== Working data ==

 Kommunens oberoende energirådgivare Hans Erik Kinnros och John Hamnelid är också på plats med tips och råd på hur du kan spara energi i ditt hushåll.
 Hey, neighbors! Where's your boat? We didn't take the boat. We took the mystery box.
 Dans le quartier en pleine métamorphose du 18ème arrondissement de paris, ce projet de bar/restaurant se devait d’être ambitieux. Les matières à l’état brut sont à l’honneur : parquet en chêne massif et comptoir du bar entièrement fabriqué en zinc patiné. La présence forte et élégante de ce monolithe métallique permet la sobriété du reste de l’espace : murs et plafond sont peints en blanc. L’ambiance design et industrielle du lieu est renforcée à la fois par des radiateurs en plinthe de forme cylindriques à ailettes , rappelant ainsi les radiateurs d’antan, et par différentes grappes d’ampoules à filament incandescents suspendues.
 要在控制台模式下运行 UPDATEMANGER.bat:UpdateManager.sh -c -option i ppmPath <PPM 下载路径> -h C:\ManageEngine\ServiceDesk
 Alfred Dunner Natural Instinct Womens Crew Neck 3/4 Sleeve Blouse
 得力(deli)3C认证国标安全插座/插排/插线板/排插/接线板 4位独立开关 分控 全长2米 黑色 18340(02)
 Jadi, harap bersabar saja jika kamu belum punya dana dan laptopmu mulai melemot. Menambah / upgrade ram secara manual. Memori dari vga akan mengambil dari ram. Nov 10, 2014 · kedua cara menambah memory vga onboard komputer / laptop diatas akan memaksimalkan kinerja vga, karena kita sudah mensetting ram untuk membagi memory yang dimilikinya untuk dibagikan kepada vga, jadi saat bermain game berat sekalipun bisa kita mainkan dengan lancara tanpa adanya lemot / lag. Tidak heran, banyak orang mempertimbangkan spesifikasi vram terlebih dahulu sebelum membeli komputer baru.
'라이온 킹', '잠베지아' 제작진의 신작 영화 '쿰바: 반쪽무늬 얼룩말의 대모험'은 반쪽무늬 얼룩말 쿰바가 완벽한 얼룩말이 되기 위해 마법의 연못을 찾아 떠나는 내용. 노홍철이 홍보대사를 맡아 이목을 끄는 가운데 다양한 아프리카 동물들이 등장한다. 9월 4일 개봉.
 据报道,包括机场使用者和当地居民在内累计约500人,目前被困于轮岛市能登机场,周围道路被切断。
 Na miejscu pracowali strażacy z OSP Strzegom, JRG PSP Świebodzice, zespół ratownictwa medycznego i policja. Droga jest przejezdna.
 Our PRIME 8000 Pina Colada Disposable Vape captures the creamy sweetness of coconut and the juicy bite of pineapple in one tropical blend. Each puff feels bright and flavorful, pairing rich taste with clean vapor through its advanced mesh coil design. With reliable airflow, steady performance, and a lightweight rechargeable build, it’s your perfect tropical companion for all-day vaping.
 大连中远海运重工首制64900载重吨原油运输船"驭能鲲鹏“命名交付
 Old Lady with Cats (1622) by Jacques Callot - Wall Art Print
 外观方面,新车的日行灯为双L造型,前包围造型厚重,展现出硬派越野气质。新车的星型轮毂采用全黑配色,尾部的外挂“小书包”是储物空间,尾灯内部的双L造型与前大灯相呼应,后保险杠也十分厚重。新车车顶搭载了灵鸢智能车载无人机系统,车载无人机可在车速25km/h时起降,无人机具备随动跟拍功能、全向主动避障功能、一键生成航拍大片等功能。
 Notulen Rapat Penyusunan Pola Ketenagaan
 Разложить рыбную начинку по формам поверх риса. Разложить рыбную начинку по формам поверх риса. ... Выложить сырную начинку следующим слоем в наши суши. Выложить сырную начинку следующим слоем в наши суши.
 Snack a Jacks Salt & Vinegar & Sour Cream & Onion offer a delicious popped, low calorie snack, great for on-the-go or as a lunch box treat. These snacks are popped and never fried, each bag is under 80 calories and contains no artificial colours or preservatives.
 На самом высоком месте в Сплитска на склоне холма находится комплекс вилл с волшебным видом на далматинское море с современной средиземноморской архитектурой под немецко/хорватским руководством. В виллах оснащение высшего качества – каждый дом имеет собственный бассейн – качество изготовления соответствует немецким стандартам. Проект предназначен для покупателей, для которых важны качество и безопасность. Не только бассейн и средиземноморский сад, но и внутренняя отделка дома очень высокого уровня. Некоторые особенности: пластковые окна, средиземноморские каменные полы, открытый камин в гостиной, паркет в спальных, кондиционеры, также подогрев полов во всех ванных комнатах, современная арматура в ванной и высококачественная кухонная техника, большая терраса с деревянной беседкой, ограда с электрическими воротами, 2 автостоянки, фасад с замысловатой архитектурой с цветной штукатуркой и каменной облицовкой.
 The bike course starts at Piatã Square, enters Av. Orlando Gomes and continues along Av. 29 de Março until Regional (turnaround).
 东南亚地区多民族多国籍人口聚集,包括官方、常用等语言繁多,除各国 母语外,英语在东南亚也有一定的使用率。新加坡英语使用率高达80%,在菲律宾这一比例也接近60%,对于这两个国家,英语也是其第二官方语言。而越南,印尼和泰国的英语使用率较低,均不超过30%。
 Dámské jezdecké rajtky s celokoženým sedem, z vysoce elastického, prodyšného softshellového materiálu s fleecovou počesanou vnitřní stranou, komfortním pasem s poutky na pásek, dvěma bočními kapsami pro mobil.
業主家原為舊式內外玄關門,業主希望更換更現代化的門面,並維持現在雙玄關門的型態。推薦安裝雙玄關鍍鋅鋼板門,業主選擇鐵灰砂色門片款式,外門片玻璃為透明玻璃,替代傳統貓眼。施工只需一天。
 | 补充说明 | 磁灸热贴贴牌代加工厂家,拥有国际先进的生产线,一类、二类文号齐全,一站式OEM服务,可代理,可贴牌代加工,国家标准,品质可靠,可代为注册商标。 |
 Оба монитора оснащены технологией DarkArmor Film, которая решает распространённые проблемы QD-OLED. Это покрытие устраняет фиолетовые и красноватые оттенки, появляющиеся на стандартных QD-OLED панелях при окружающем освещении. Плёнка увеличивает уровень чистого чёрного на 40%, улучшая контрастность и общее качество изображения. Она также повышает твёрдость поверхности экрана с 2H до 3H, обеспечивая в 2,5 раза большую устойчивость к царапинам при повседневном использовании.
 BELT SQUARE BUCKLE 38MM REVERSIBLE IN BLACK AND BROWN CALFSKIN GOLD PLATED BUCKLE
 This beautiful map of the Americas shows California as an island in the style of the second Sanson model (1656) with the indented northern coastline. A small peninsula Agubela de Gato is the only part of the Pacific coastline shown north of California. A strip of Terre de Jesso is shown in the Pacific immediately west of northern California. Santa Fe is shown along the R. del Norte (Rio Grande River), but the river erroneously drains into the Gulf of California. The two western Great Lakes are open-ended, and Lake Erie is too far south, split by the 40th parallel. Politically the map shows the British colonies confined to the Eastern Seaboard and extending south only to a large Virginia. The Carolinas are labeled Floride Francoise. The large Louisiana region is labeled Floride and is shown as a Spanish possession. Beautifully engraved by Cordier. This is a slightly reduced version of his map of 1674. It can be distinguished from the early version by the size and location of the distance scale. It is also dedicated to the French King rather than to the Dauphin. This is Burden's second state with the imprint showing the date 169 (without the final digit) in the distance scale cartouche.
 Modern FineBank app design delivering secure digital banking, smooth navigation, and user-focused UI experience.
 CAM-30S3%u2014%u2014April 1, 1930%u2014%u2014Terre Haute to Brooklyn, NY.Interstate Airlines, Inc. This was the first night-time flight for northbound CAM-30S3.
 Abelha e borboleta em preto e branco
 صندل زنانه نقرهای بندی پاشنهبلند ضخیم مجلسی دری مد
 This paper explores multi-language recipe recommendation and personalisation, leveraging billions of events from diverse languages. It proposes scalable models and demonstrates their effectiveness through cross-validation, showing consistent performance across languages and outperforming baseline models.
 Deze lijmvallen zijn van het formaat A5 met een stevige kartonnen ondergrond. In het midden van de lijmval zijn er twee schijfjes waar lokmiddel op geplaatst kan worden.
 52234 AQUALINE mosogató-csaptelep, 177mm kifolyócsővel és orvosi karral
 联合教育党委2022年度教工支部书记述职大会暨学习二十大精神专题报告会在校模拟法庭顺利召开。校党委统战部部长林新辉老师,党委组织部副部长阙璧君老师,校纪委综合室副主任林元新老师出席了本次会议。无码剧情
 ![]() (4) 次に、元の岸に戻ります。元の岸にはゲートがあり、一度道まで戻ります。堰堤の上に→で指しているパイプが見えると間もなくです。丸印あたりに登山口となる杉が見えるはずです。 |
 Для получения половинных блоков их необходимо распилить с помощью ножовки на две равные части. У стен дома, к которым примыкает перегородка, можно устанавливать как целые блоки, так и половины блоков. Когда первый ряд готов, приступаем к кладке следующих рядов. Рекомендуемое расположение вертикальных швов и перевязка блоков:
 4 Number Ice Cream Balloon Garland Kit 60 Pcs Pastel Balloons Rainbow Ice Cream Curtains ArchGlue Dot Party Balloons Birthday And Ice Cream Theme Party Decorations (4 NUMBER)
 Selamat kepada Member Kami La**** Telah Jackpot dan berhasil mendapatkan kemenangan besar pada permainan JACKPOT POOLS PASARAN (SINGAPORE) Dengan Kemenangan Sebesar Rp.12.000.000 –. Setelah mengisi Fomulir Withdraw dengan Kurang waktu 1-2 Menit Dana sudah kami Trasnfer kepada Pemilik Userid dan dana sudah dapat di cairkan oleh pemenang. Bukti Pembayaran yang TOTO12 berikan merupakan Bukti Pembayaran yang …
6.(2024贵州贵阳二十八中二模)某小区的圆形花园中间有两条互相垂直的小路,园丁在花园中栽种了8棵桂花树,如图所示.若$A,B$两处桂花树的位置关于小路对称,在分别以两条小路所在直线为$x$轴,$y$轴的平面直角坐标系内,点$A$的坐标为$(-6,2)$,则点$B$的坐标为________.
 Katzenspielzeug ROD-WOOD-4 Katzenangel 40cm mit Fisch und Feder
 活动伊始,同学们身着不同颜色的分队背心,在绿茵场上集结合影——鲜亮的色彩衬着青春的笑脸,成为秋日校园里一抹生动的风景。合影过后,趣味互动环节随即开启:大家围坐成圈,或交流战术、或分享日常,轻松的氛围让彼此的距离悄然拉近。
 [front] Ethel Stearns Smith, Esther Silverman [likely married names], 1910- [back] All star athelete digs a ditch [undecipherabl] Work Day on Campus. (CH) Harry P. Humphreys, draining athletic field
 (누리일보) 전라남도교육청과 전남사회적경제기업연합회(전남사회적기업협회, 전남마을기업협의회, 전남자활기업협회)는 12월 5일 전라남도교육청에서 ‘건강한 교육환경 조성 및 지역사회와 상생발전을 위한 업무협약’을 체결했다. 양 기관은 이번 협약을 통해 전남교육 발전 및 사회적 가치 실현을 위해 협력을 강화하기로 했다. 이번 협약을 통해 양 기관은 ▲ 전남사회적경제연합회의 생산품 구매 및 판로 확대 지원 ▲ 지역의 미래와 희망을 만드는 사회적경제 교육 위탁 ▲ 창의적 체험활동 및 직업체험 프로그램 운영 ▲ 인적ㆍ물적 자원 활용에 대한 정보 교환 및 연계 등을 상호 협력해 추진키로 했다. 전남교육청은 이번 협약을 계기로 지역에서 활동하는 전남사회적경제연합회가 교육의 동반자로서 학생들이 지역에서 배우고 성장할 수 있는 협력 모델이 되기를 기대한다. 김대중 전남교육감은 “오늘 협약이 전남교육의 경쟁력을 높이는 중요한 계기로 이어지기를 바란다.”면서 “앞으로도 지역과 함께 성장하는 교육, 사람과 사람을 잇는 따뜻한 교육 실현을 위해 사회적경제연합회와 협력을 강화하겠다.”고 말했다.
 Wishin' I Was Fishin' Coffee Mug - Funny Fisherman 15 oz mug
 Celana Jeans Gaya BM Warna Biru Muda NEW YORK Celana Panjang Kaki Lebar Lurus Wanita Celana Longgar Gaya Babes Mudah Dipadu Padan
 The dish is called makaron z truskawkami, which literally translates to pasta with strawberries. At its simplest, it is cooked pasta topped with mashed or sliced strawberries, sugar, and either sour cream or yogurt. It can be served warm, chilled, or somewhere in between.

== Task instructions ==
From the data above, return every line from the line that has "6.(2024贵州贵阳二十八" up to and including the line that has "活动伊始,同学们身着不同颜色", exactly.

== Written solution ==
6.(2024贵州贵阳二十八中二模)某小区的圆形花园中间有两条互相垂直的小路,园丁在花园中栽种了8棵桂花树,如图所示.若$A,B$两处桂花树的位置关于小路对称,在分别以两条小路所在直线为$x$轴,$y$轴的平面直角坐标系内,点$A$的坐标为$(-6,2)$,则点$B$的坐标为________.
 Katzenspielzeug ROD-WOOD-4 Katzenangel 40cm mit Fisch und Feder
 活动伊始,同学们身着不同颜色的分队背心,在绿茵场上集结合影——鲜亮的色彩衬着青春的笑脸,成为秋日校园里一抹生动的风景。合影过后,趣味互动环节随即开启:大家围坐成圈,或交流战术、或分享日常,轻松的氛围让彼此的距离悄然拉近。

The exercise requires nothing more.